AIM OF THE EXERCISE: Repeat precisely the span of lines below that opens with the line containing "We gave a makeover" and closes with the line containing "Now, we will", both included.

DATASET EXCERPTS:
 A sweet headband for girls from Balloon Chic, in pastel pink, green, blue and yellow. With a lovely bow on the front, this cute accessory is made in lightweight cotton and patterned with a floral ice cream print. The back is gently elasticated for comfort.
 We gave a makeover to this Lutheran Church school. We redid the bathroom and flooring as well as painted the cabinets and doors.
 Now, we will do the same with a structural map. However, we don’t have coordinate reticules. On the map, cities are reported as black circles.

--

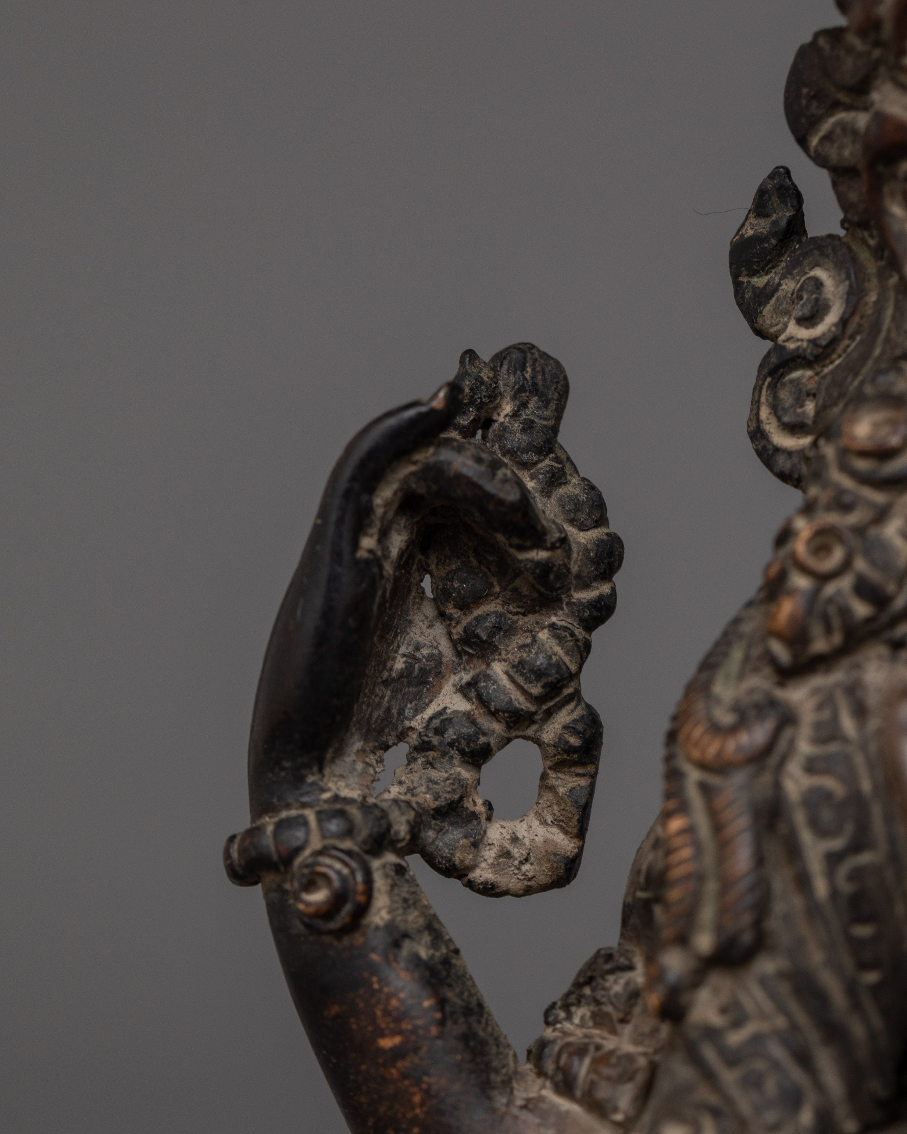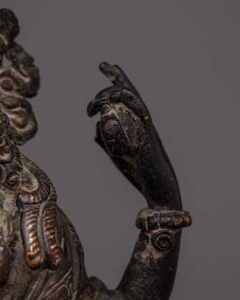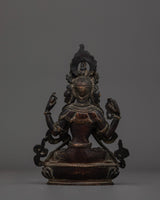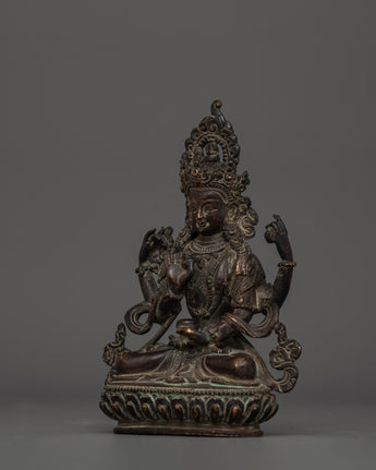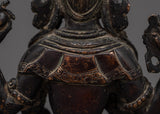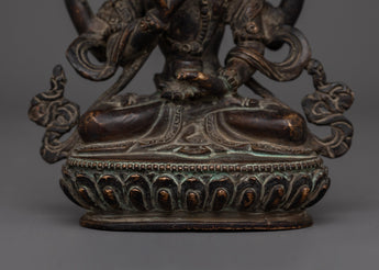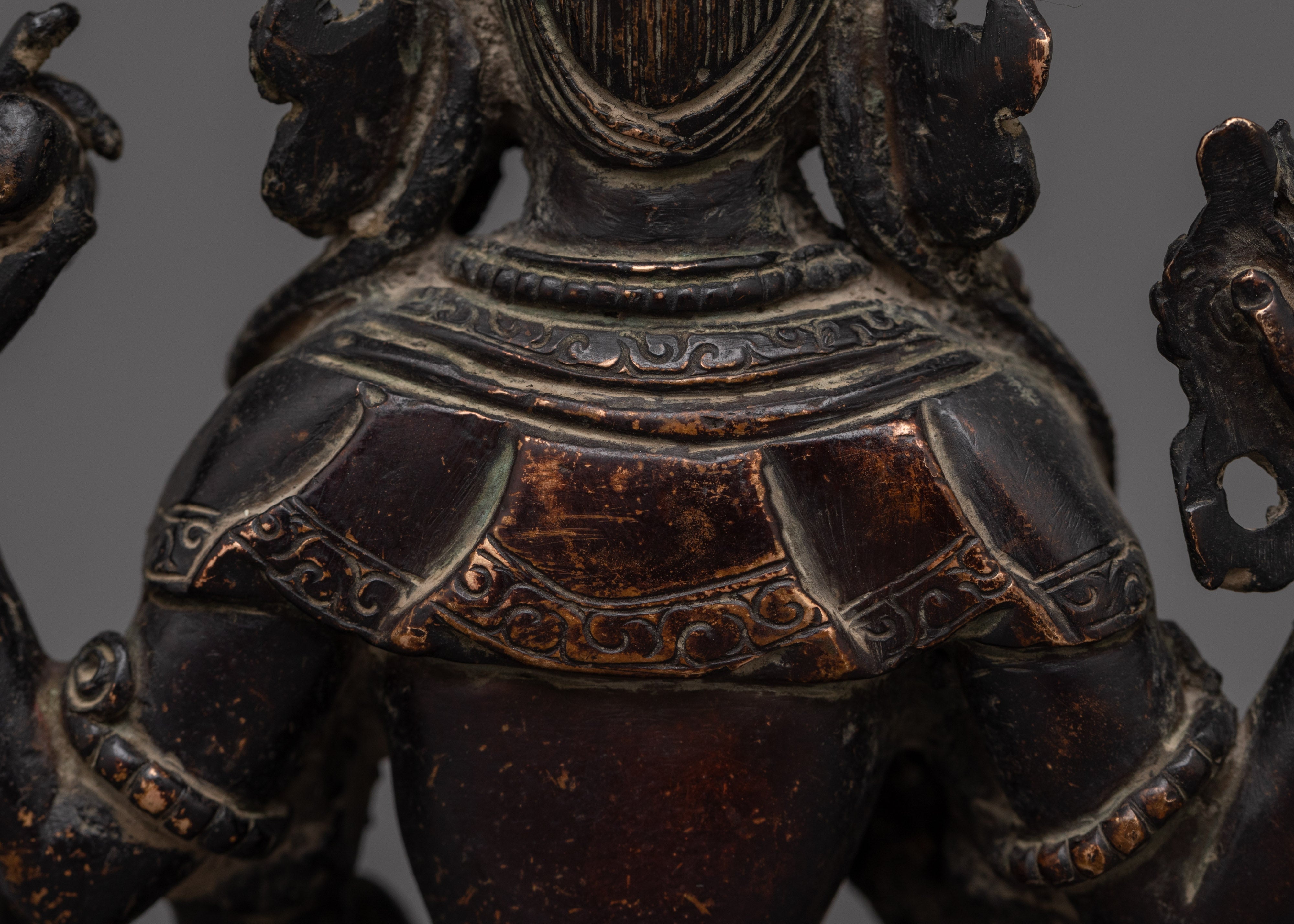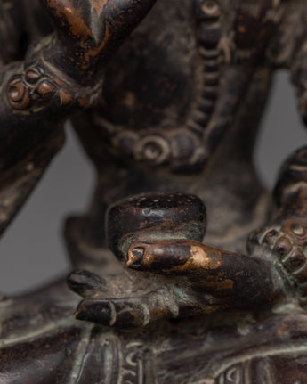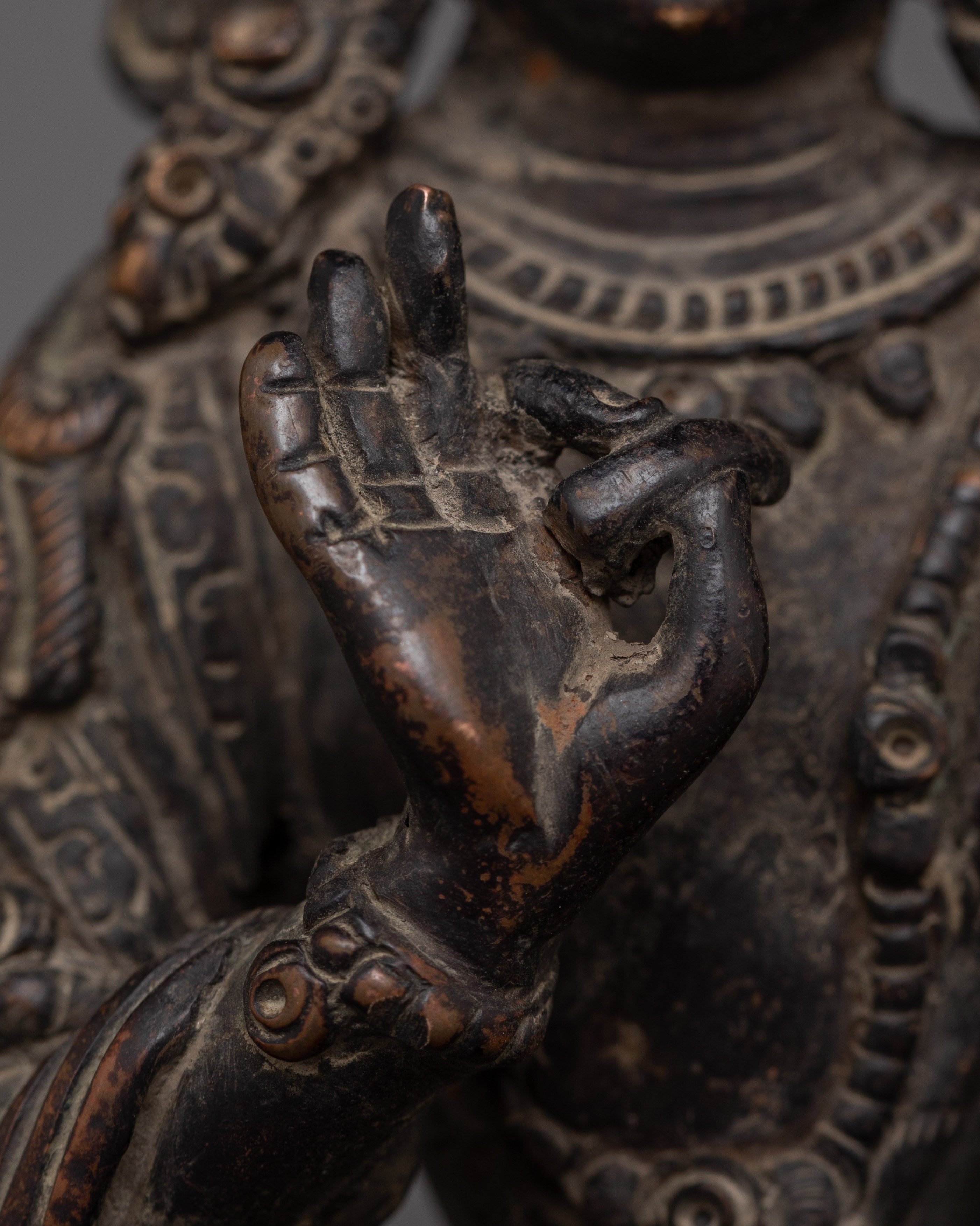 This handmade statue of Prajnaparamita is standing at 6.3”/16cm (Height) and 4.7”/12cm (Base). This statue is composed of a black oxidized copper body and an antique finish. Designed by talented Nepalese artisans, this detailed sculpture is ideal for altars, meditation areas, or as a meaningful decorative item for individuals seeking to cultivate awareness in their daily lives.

EXERCISE RESPONSE:
 We gave a makeover to this Lutheran Church school. We redid the bathroom and flooring as well as painted the cabinets and doors.
 Now, we will do the same with a structural map. However, we don’t have coordinate reticules. On the map, cities are reported as black circles.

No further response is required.